Starting at the top of the records below, write out each line exactly as it stands, stopping after the line with "A birthday card"; exclude the pictures.

### Recorded data:
^^^^^^^^^^^^^^^^
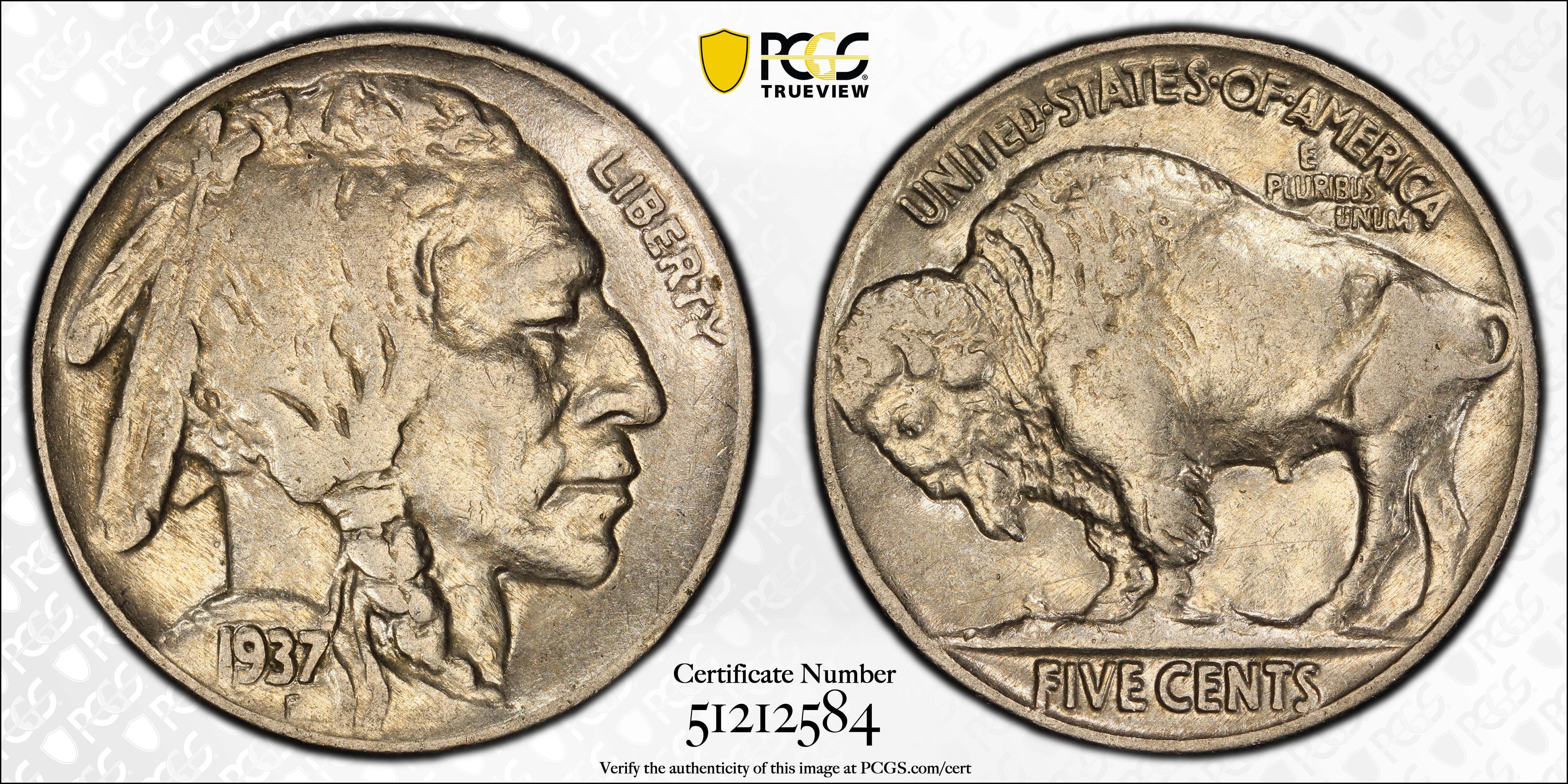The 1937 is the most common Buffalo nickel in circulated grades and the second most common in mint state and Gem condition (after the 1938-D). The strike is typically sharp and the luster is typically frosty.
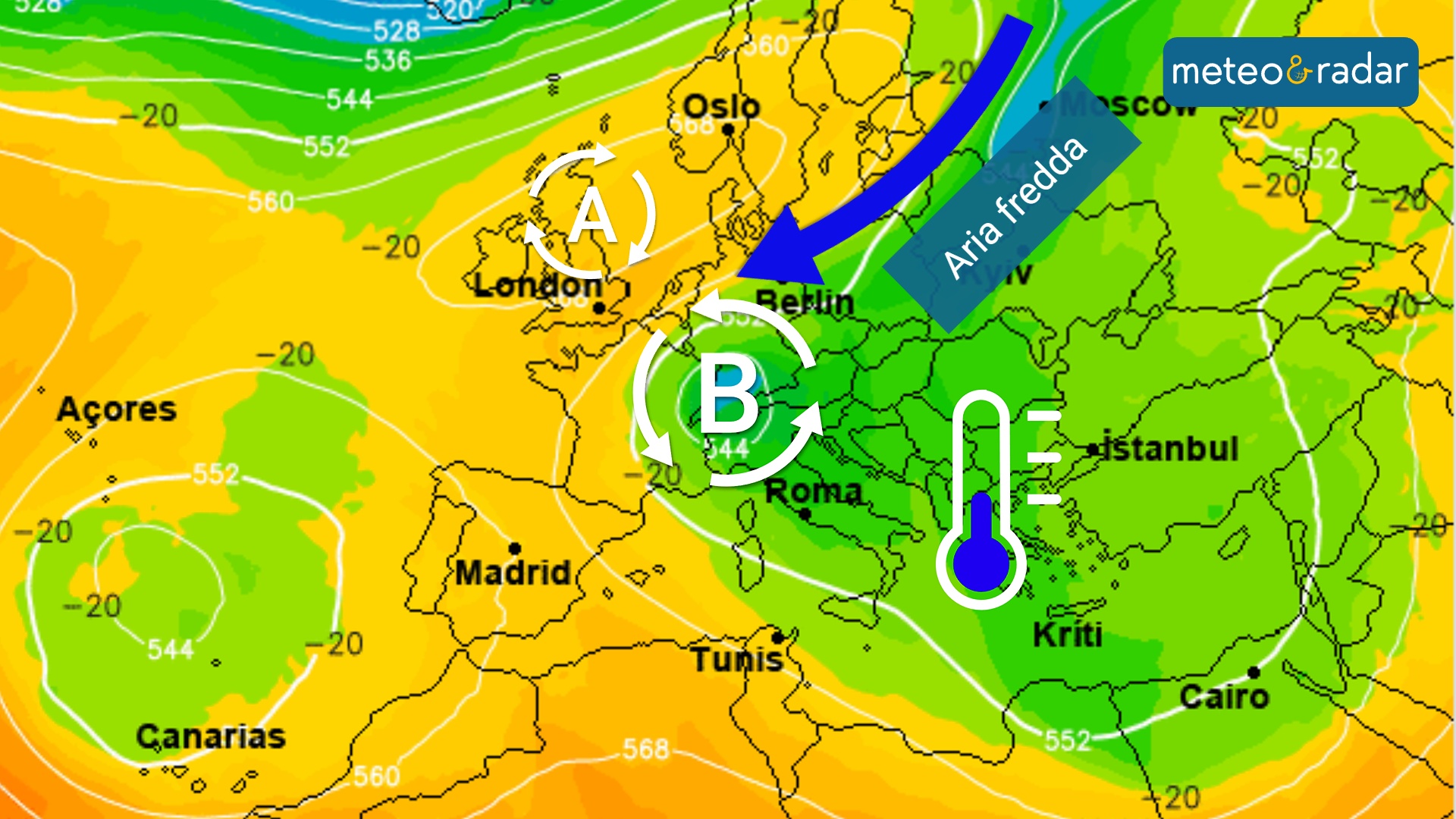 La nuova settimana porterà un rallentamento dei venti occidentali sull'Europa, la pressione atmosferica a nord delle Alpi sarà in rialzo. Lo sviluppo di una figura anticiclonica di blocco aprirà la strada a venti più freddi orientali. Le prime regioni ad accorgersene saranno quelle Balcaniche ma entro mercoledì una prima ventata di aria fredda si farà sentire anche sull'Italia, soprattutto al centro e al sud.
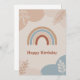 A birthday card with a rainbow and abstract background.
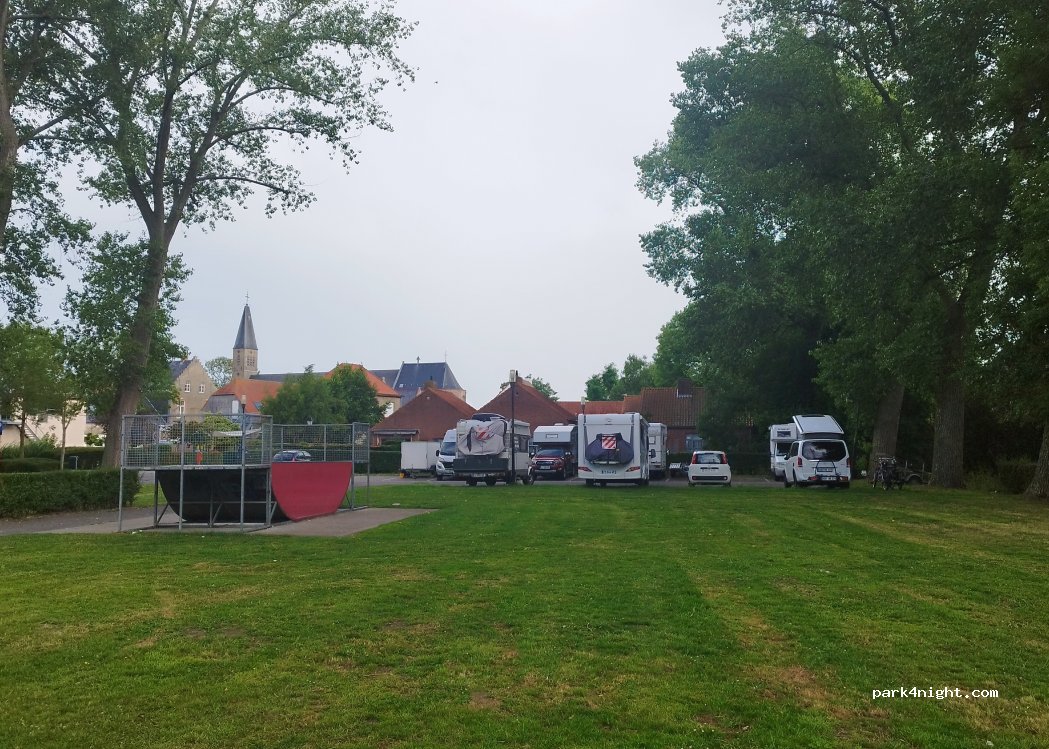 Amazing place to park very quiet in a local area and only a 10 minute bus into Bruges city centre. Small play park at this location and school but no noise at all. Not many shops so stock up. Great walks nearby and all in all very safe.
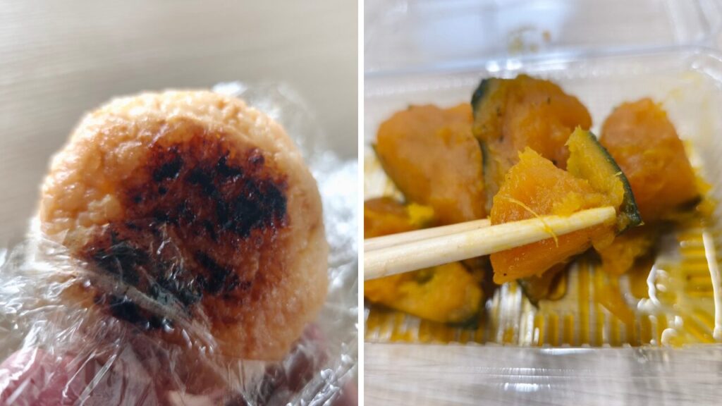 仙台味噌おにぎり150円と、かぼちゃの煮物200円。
^^^^^^^^^^^^^^^^
### Solved exercise:
The 1937 is the most common Buffalo nickel in circulated grades and the second most common in mint state and Gem condition (after the 1938-D). The strike is typically sharp and the luster is typically frosty.
 La nuova settimana porterà un rallentamento dei venti occidentali sull'Europa, la pressione atmosferica a nord delle Alpi sarà in rialzo. Lo sviluppo di una figura anticiclonica di blocco aprirà la strada a venti più freddi orientali. Le prime regioni ad accorgersene saranno quelle Balcaniche ma entro mercoledì una prima ventata di aria fredda si farà sentire anche sull'Italia, soprattutto al centro e al sud.
 A birthday card with a rainbow and abstract background.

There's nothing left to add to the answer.